Subsequent seamless-run invocations read the checksum from the sidecar without touching the original file:

seamless-run python analyze.py data/large-input.h5
# data/large-input.h5 need not exist locally — the sidecar supplies its checksum

seamless-download uses sidecars written by seamless-run to fetch result bytes from the hashserver:

seamless-download data/result.txt
# reads data/result.txt.CHECKSUM, fetches bytes from hashserver

The seamless-checksum CLI tool computes and prints the checksum of a file without writing it. seamless-checksum-file computes and writes the sidecar. seamless-checksum-index builds a directory-level checksum index.

Why sharing follows from content-addressing

Because every piece of data is identified by its checksum, and the transformation cache maps transformation identity to result identity, the following property holds: if two parties have computed the same transformation, they have the same result — regardless of when or where they ran it.

Sharing therefore has two modes:

  1. Checksum exchange: tell a colleague the result checksum. If they have already computed the same transformation (or have the hashserver buffer), they already have the result. No data transfer required.

  2. Database sharing: copy seamless.db to a colleague or a shared location. The database file contains all the (transformation checksum → result checksum) mappings your session has recorded. The recipient can immediately look up any of those results. If they also have access to the same hashserver (or a copy of it), they can retrieve the actual result bytes.

Combining both: copy seamless.db between machines, and use seamless-resolve to fetch the buffer bytes for any checksum that appears in the database.

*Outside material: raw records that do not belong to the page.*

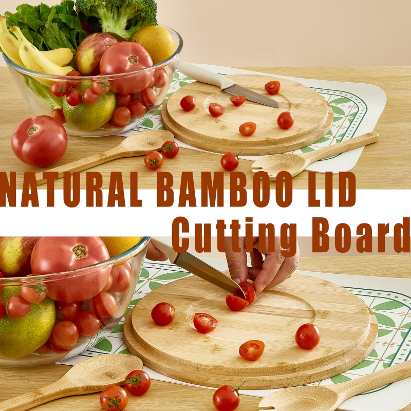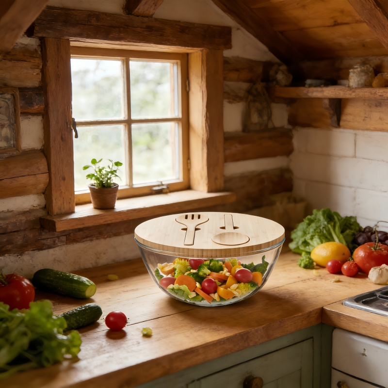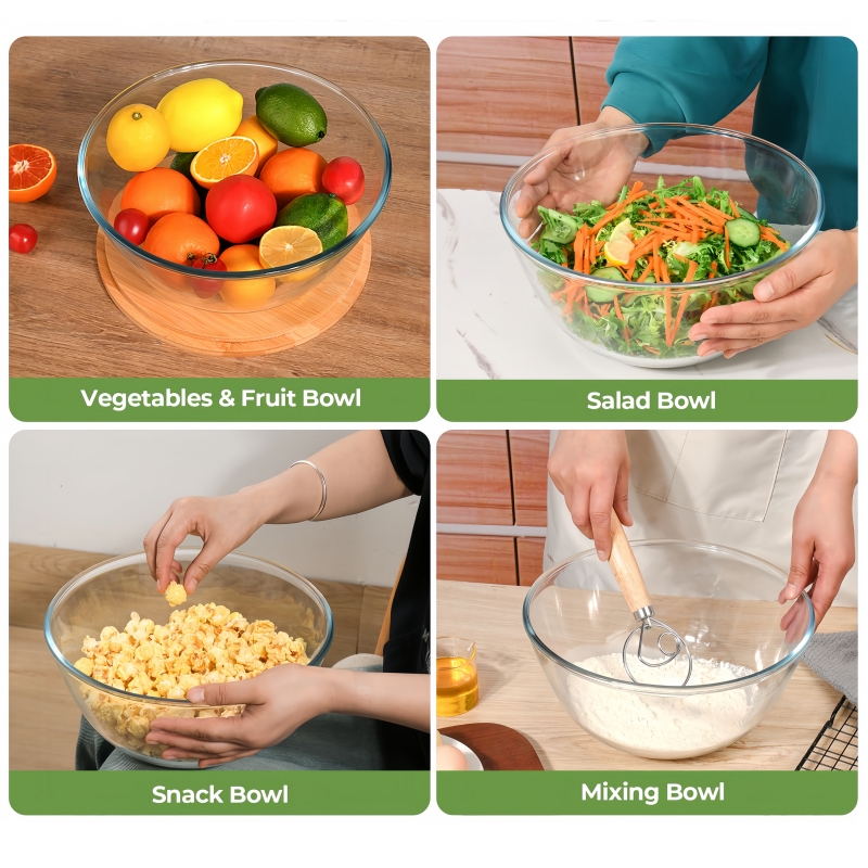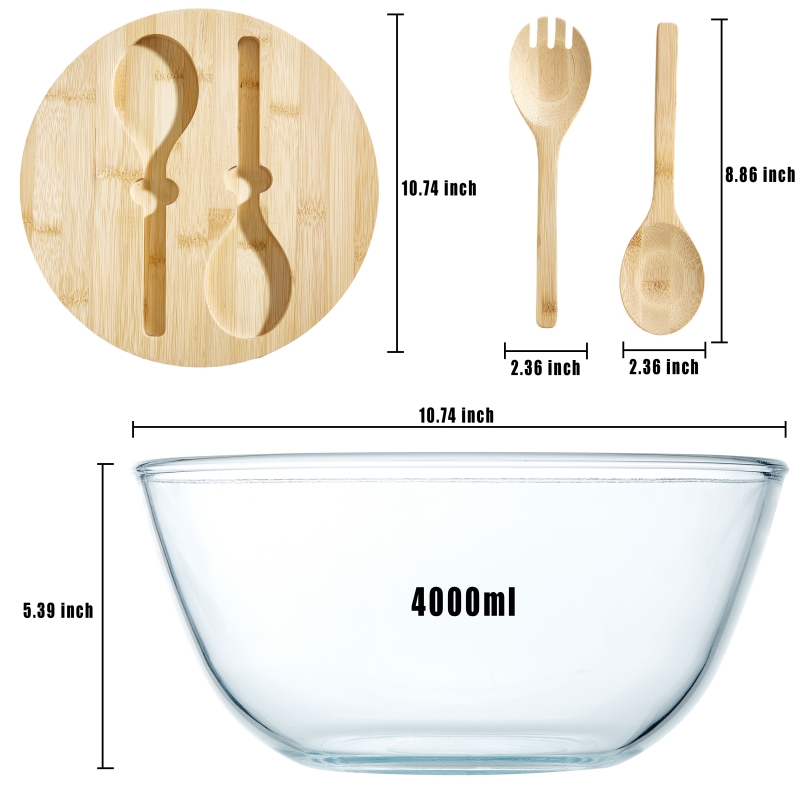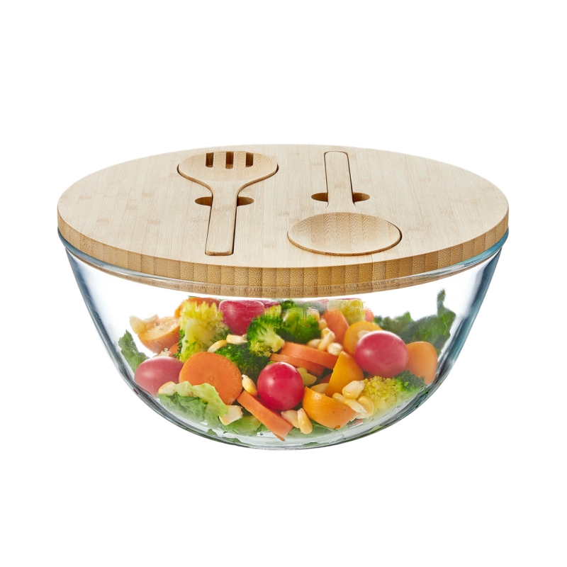 10.74 inch High Borosilicate Glass Salad Bowl With Bamboo Lid and Servers patent design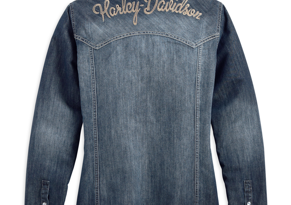 bottoni in madreperla, l’effetto wash del tessuto ed i ricami Harley-Davidson. Una proposta per tutti i giorni e per tutte le occasioni. Disponibile nelle taglie dalla XS alla 2XL. Prezzo al pubblico
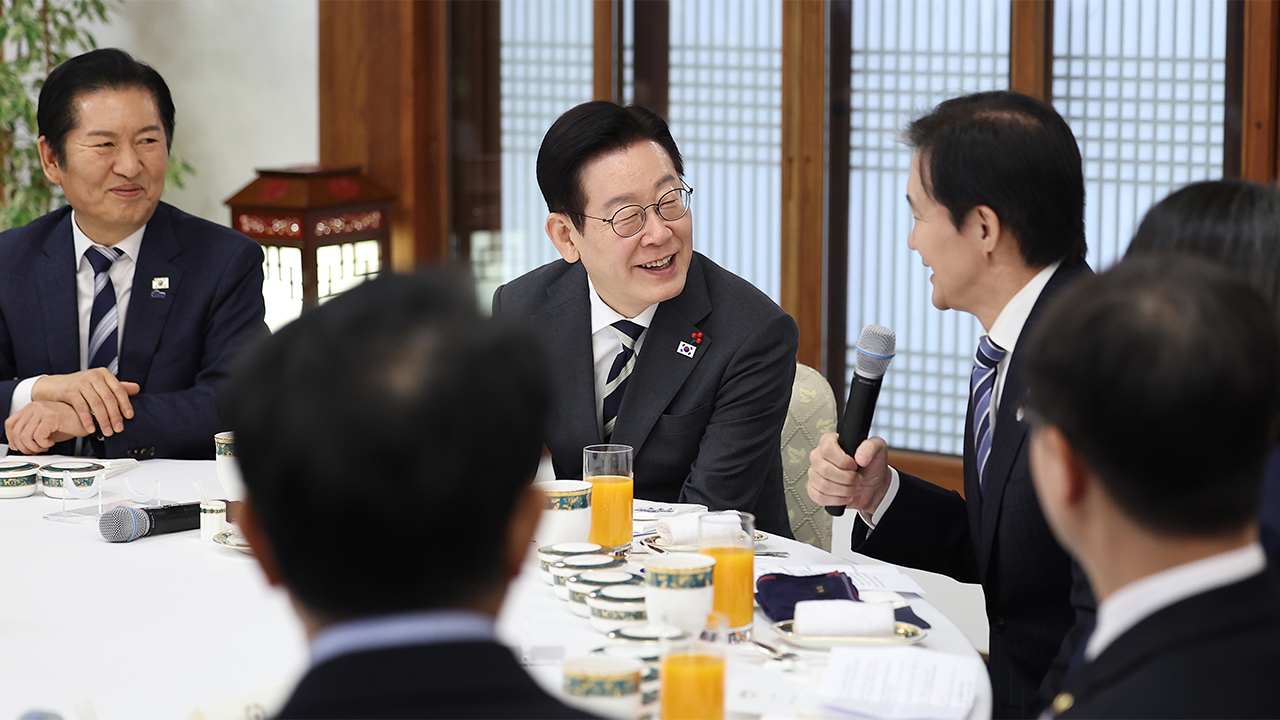 ▲ 조국혁신당 조국 대표가 16일 청와대 상춘재에서 이재명 대통령이 마련한 정당 지도부 초청 오찬에서 발언하고 있다.조국혁신당 조국 …

For sharing the underlying buffers — input data, result data, or both — see Sharing in depth.

Cell types

Every input pin in a Seamless transformation has a cell type that governs how the Python value is serialized into bytes (and therefore what checksum it gets). The default type is mixed, which handles Python scalars, dicts, lists, and numpy arrays.

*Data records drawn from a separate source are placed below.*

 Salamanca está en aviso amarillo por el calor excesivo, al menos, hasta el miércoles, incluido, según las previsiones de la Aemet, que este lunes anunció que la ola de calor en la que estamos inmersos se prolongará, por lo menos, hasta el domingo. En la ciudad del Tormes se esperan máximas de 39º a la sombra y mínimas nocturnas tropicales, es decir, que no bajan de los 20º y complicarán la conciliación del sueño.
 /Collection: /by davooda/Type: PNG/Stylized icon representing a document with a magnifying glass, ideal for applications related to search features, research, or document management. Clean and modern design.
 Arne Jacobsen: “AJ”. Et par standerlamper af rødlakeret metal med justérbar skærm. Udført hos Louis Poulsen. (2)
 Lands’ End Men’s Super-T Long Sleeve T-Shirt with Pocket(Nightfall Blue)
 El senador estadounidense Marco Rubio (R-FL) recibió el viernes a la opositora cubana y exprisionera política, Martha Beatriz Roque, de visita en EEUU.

For performance-sensitive cases, override the cell type explicitly:

@delayed
def process(matrix):
    import numpy as np
    return np.linalg.norm(matrix)

process.celltypes.matrix = "binary"  # numpy array → .npy format

Common overrides:

Value type Cell type to use
NumPy array binary
Raw bytes bytes
Python source code python or text
Checksum identifier checksum
Everything else mixed (default)

The full conversion matrix and all 13 cell types are documented in the seamless-core reference.